==== SOURCE RECORDS
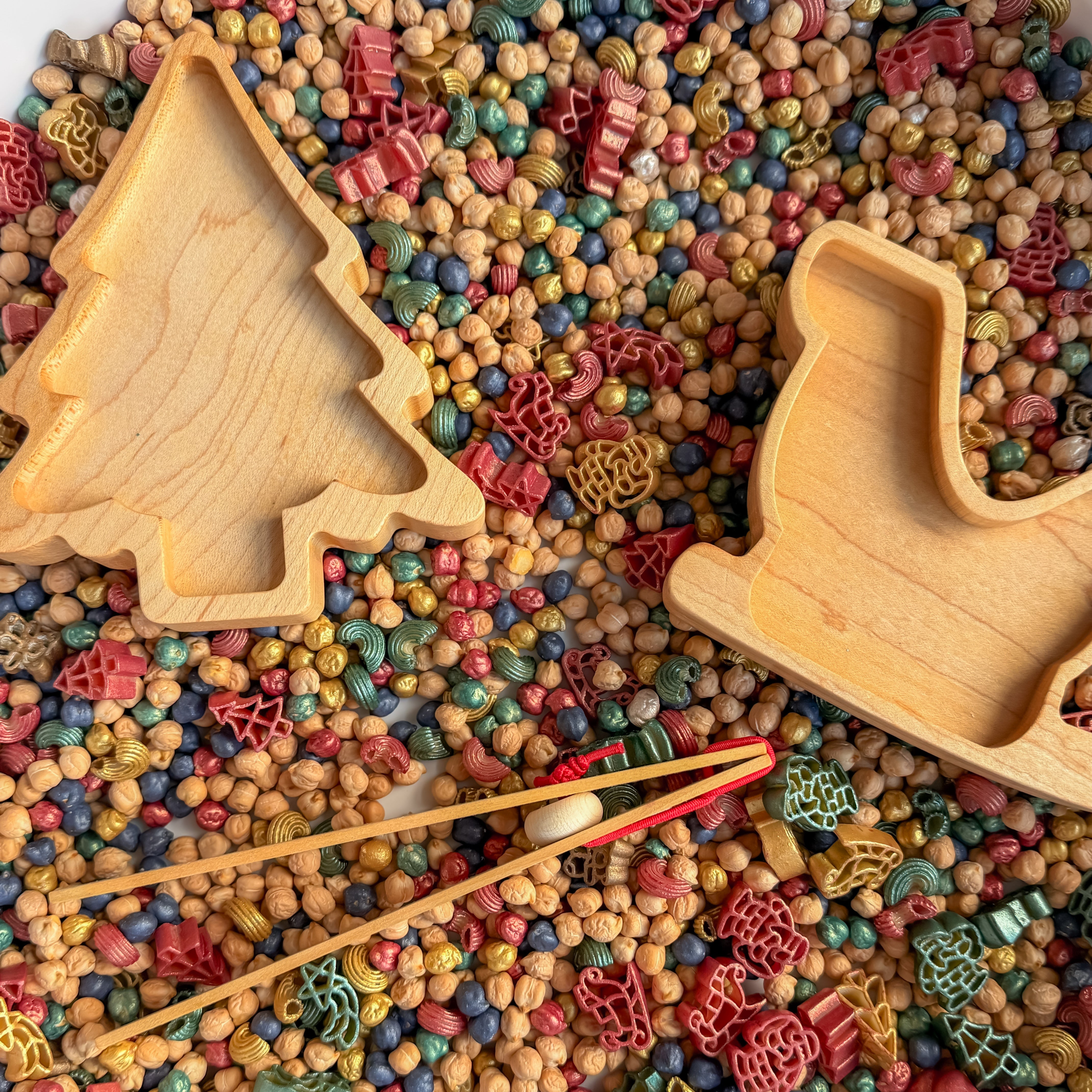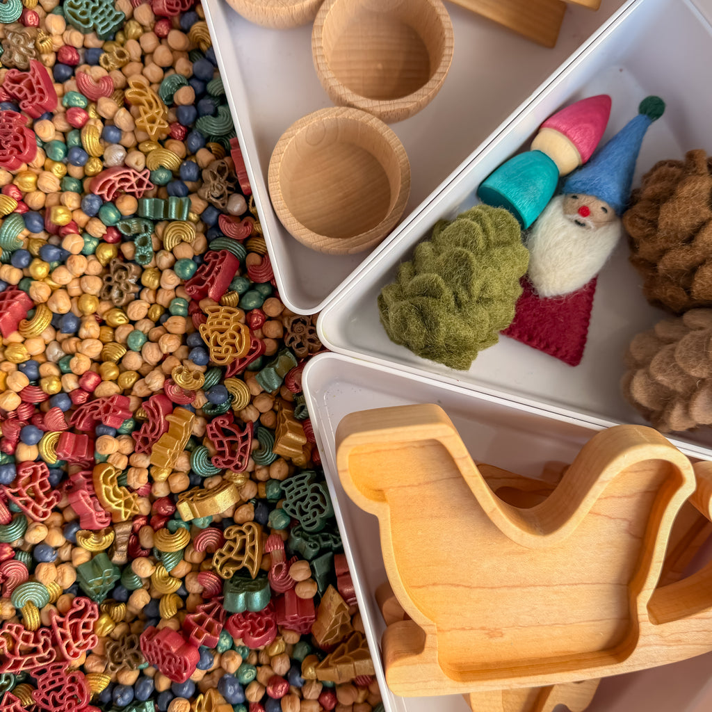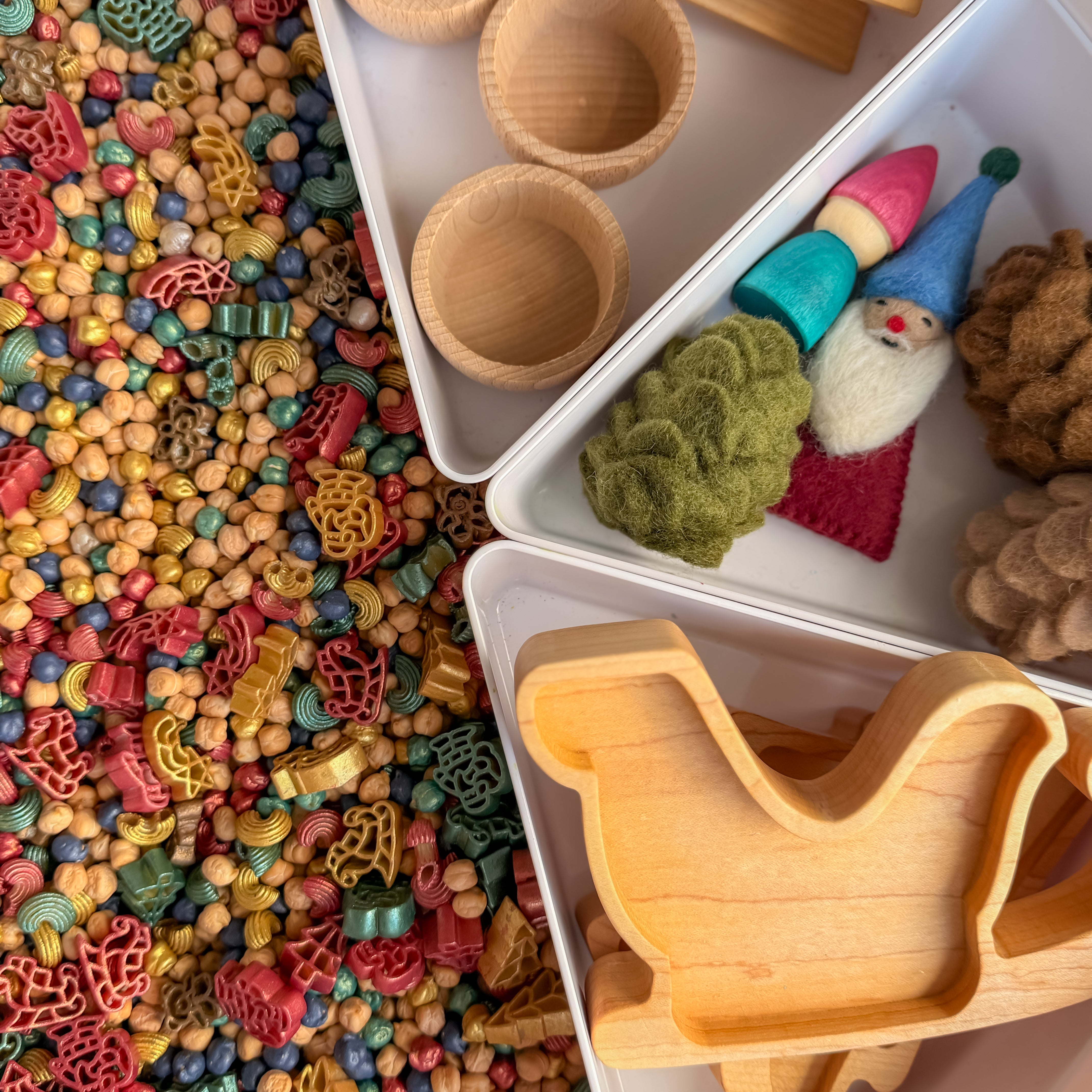 When choosing how much to get, it just depends how “full” looking you like your bin. As an all pasta mix fills the sensory bin a bit differently than an all rice or all chickpea mix.
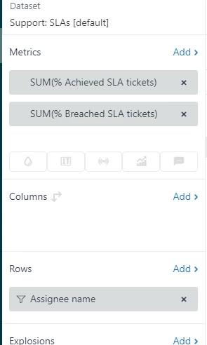 In Explore, I have my own query and based it on the "Support: SLAs [default]" - I feel like I've taken initial steps but have hit a wall. I was able to pull up "% achieved/breached SLA tickets" (in Metrics) and "specific agents" (in Rows), but there are still things that I can't choose/filter by:
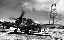 The squadron arrived at Naval Advance Base Espiritu Santo on May 4, 1944, and flew into Luganville Airfield the next day joining Marine Aircraft Group 21.[2] It remained there for nearly a month before the flight echelon departed on June 2, 1944, on the USS Santee (CVE-29).[2] The squadron's ground personnel were split between the USS Cetus (AK-77), SS Typhoon, and the SS Young.[2] After 65 days at sea, VMF(N)-534's, as part of Marine Aircraft Group 21, took off from the USS Santee, becoming the first aviation unit to land on Guam as they touched down on Orote Field on August 4, 1944.[6] The first combat air patrols commenced on August 7, 1944.[4] That same evening VMF(N)-534 also conducted its first night raids when a section of aircraft strafed the Japanese garrison on Rota. Between August 7 and December 29 the squadron conducted a total of eight strafing/bombing missions against Rota Island.[2] While on Guam squadron personnel conducted numerous patrols and assisted in burying Japanese war dead. From August 4 through December 31, VMF(N)-534 flew 1402 sorties totaling 2,610.6 hours of flying conducting nighttime CAP, strafing and bombing, and search missions. Test flight, fighter cover and ferrying missions accounted for another 491.6 hours.
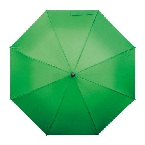 Classic umbrella with integrated ring handle, automatic opening, and fiberglass frame and ribs. The canopy is made of 190T pongee material.
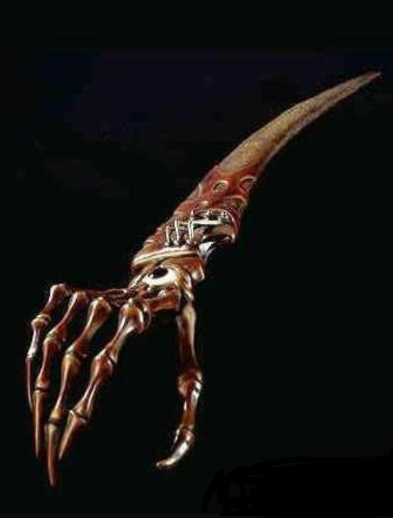 ![]() 鬼手刀:传说这把刀是十四世纪意大利的一个疯铁匠所铸,他将自己妻子的右手砍下做成刀柄,后又将儿子肋骨做成刀刃,并把自己的小腿骨做成刀柄,献给了当时的债主,三天后债主发疯将自己一家人全部烧死了,据说后来得到这把刀的人全都发疯了,而且会像受到诅咒一样一家人全死亡!不过这把刀的出处来自民间传说,并不是真实存在的。 ![]()
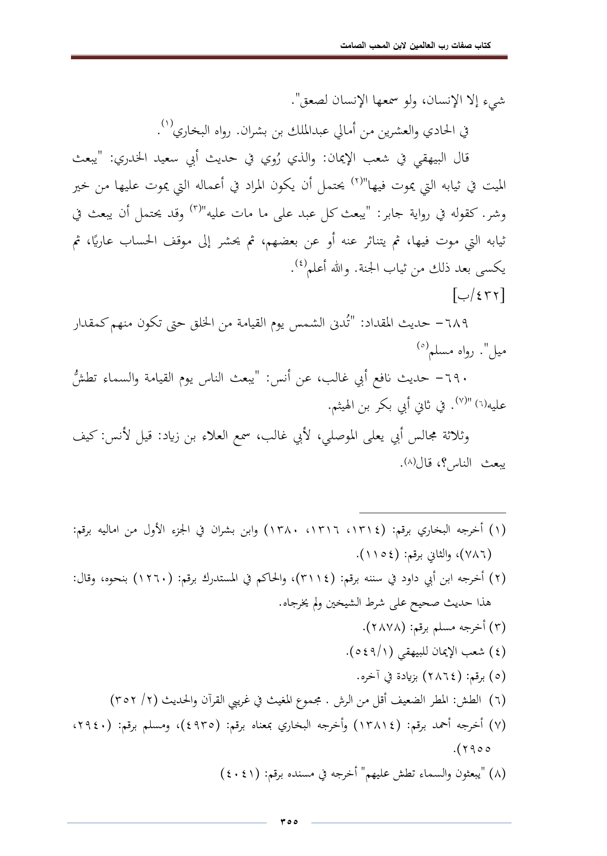 قال البيهقي في شعب الإيمان: والذي رُوي في حديث أبي سعيد الخدري: "يبعث الميت في ثيابه التي يموت فيها" (¬٢) يحتمل أن يكون المراد في أعماله التي يموت عليها من خير وشر. كقوله في رواية جابر: "يبعث كل عبد على ما مات عليه" (¬٣) وقد يحتمل أن يبعث في ثيابه التي موت فيها، ثم يتناثر عنه أو عن بعضهم، ثم يحشر إلى موقف الحساب عاريًا، ثم يكسى بعد ذلك من ثياب الجنة. والله أعلم (¬٤).
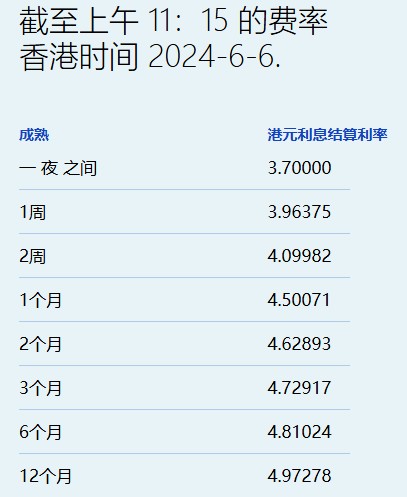 6月6日,临近端午节假期,港元拆息几乎全线向上,仅六个月及一年期走低。其中,与楼按相关的一个月拆息结束两连跌,重上4.5%。隔夜息升至3.7%,反映银行资金成本的三个月拆息报4.72917%,创近一周新高。不过,六个月及一年期分别跌至4.81024%和4.97278%。
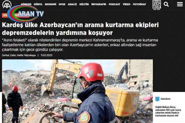 Anadolu Agentliyi azərbaycanlı axtarış-xilasetmə qruplarının zəlzələ baş vermiş bölgələrdə gecə-gündüz çalışmaları davam etdirdiyini yazır. Məqalədə, həmçinin azərbaycanlı axtarış-xilasetmə qruplarının nümayəndələrindən müsahibələri yer alıb. Onlar xilas etdikləri uşaqları öz uşaqları kimi gördüklərini, yaralıları canla başla həyata bağlamağa çalışdıqlarını deyiblər.
========
WORK REQUEST
Write out, exactly, the lines of the material from the very first through the line containing "In Explore, I", and leave out every picture.

OUTPUT OF THE EXERCISE
 When choosing how much to get, it just depends how “full” looking you like your bin. As an all pasta mix fills the sensory bin a bit differently than an all rice or all chickpea mix.
 In Explore, I have my own query and based it on the "Support: SLAs [default]" - I feel like I've taken initial steps but have hit a wall. I was able to pull up "% achieved/breached SLA tickets" (in Metrics) and "specific agents" (in Rows), but there are still things that I can't choose/filter by:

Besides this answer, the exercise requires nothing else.